My question is, can winstrol bind to the AR receptor BEFORE the 17aa group is removed by the liver?

Also, forverblast had a good point that the half-life of the depot will slow the release of winstrol into the bloodstream, and therefore less drug will be hitting the liver in a given period of time, which should in theory make it somewhat less toxic.
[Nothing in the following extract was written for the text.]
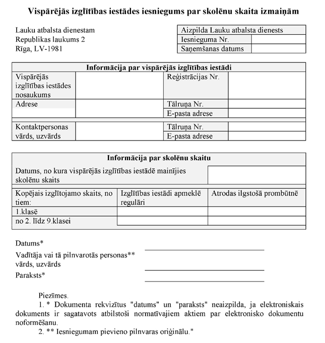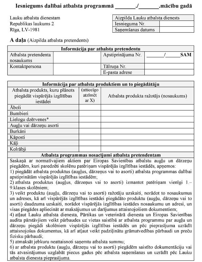 "5.3. kas minēts šo noteikumu 4.1., 4.2. vai 4.3.apakšpunktā, katru gadu līdz 20.septembrim iesniedz Lauku atbalsta dienestā iesniegumu dalībai atbalsta programmā kārtējā mācību gadā (1.1 pielikuma A daļa) un vispārējās izglītības iestādes sagatavotu informāciju par dalību atbalsta programmā kārtējā mācību gadā (1.1 pielikuma B daļa). Lauku atbalsta dienests savā mājaslapā internetā publicē to vispārējās izglītības iestāžu sarakstu, kuras piedalās atbalsta programmā."

Second, I have to disagree with your assessment of acute versus chronic toxicity. Acute damage of the liver can impair it beyond repair, yet chronic damage maybe repairable when the insult is discontinued, especially since the liver is known for amazing recuperative ability. Also, 17-AA steroids are essentially the only ones to show any significant hepatic damage.
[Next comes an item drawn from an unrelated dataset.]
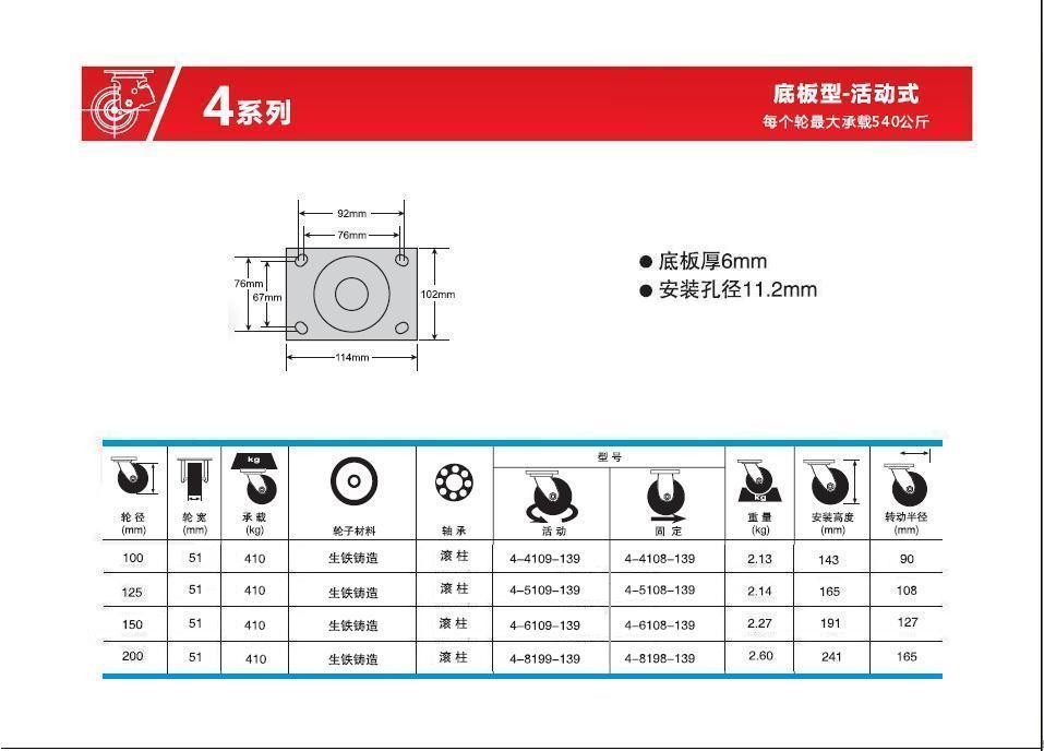 | 轮 径: | 4寸(100mm)、5寸(125mm)、6寸(150mm)、8寸(200mm)、 |

A good analogy to cumulative damage would be alcoholism. Now I want to go back and read about all this stuff again!

J Steroid Biochem 1990 Jun;36(1-2):153-74

"Metabolism of stanozolol: identification and synthesis of urinary metabolites."

Schanzer W, Opfermann G, Donike M

Institut fur Biochemie, Deutsch Sporthochschule Koln, F.R.G.

Urinary metabolites of stanozolol (17 alpha-methyl-17 beta-hydroxy-5 alpha-androst-2-eno(3,2-c)-pyrazole) following oral administration were isolated by chromatography on XAD-2 and by preparative high-performance liquid chromatography (HPLC) and identified by gas chromatography-mass spectrometry (GC/MS) with electron impact (EI)-ionisation. Stanozolol is excreted as a conjugate but is metabolized to a large extent. All identified metabolites are hydroxylated, namely at C-3' of the pyrazole ring and at C-4 beta, C-16 alpha and C-16 beta of the steroid. Less than 5% of the metabolites are found in the unconjugated urine fraction: 3'-hydroxy-stanozolol (II) and 3'-hydroxy-17-epistanozolol (III). Conjugated excreted metabolites are 3'-hydroxystanozolol (II), stanozolol (I), 4 beta-hydroxy-stanozolol (IV), 16 beta-hydroxystanozolol (V), 16 alpha-hydroxystanozolol (VI), two isomers of 3',16-dihydroxystanozolol (VII, VIII), two isomers of 4 beta, 16-dihydroxystanozolol (IX, X) and a 3',?-dihydroxystanozolol (XI). 3'-Hydroxystanozolol, 4 alpha-hydroxystanozolol, 4 beta-hydroxystanozolol, 16 alpha-hydroxy-, 16 alpha-hydroxy-17-epi- and 16 beta-hydroxystanozolol were synthesised to confirm the structural assignment of the main metabolites.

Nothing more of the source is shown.